Reproduce the material below only from the line with "獨(dú)立科研院所和大專院" to the line with "Massey Ferguson. Vintage", both included, keeping each line exact and dropping the pictures.

Data shown
#####
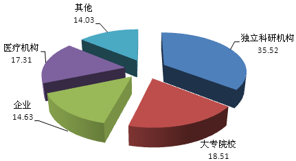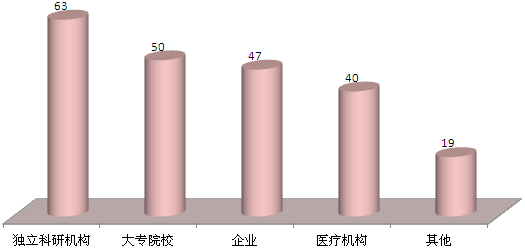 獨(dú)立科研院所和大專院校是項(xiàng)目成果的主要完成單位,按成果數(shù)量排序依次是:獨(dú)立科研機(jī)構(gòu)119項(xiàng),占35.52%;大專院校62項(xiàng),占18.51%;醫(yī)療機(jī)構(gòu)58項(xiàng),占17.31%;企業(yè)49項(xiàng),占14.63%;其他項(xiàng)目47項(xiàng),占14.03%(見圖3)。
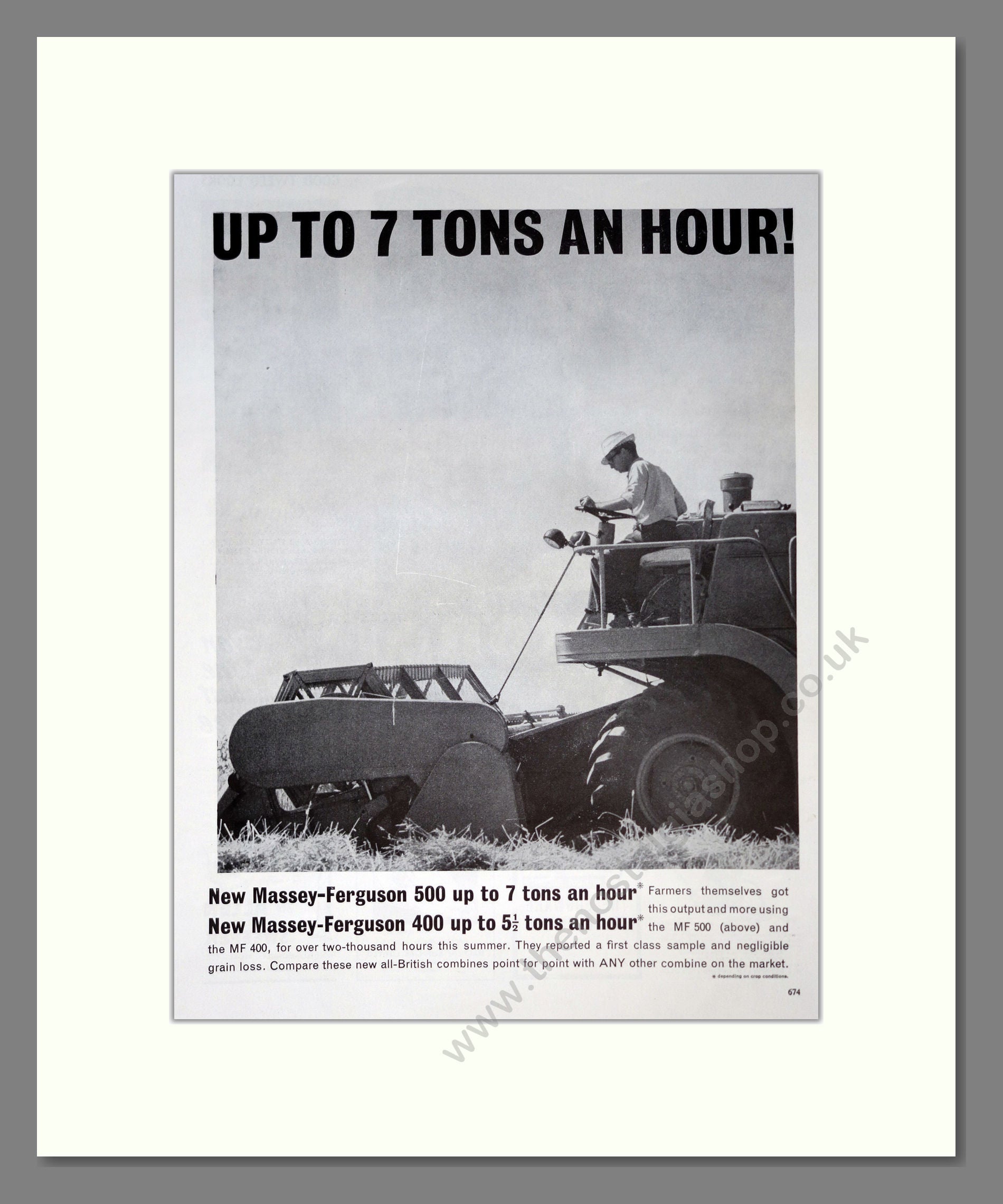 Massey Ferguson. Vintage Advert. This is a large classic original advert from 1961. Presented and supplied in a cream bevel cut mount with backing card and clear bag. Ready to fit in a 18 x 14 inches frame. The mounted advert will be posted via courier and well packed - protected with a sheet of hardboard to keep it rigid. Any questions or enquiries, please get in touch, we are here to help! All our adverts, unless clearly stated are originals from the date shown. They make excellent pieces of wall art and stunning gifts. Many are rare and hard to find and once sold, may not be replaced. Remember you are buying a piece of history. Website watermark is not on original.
#####
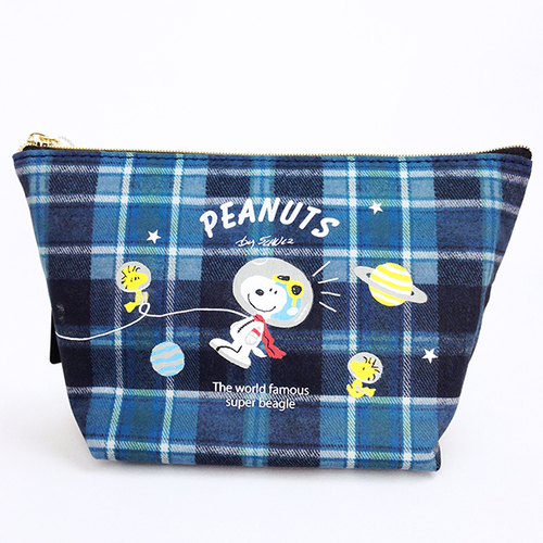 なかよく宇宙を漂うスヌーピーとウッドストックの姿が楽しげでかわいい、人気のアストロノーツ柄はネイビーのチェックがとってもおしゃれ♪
#####
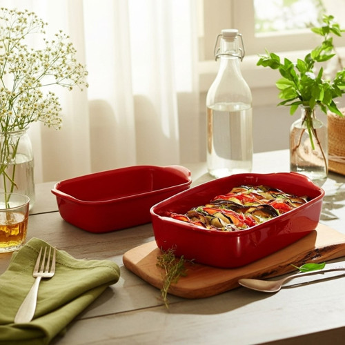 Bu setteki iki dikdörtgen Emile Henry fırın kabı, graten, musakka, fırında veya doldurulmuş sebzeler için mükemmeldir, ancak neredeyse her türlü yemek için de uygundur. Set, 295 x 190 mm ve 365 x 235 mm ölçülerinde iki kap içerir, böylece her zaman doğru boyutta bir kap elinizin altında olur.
#####
Answer section
 獨(dú)立科研院所和大專院校是項(xiàng)目成果的主要完成單位,按成果數(shù)量排序依次是:獨(dú)立科研機(jī)構(gòu)119項(xiàng),占35.52%;大專院校62項(xiàng),占18.51%;醫(yī)療機(jī)構(gòu)58項(xiàng),占17.31%;企業(yè)49項(xiàng),占14.63%;其他項(xiàng)目47項(xiàng),占14.03%(見圖3)。
 Massey Ferguson. Vintage Advert. This is a large classic original advert from 1961. Presented and supplied in a cream bevel cut mount with backing card and clear bag. Ready to fit in a 18 x 14 inches frame. The mounted advert will be posted via courier and well packed - protected with a sheet of hardboard to keep it rigid. Any questions or enquiries, please get in touch, we are here to help! All our adverts, unless clearly stated are originals from the date shown. They make excellent pieces of wall art and stunning gifts. Many are rare and hard to find and once sold, may not be replaced. Remember you are buying a piece of history. Website watermark is not on original.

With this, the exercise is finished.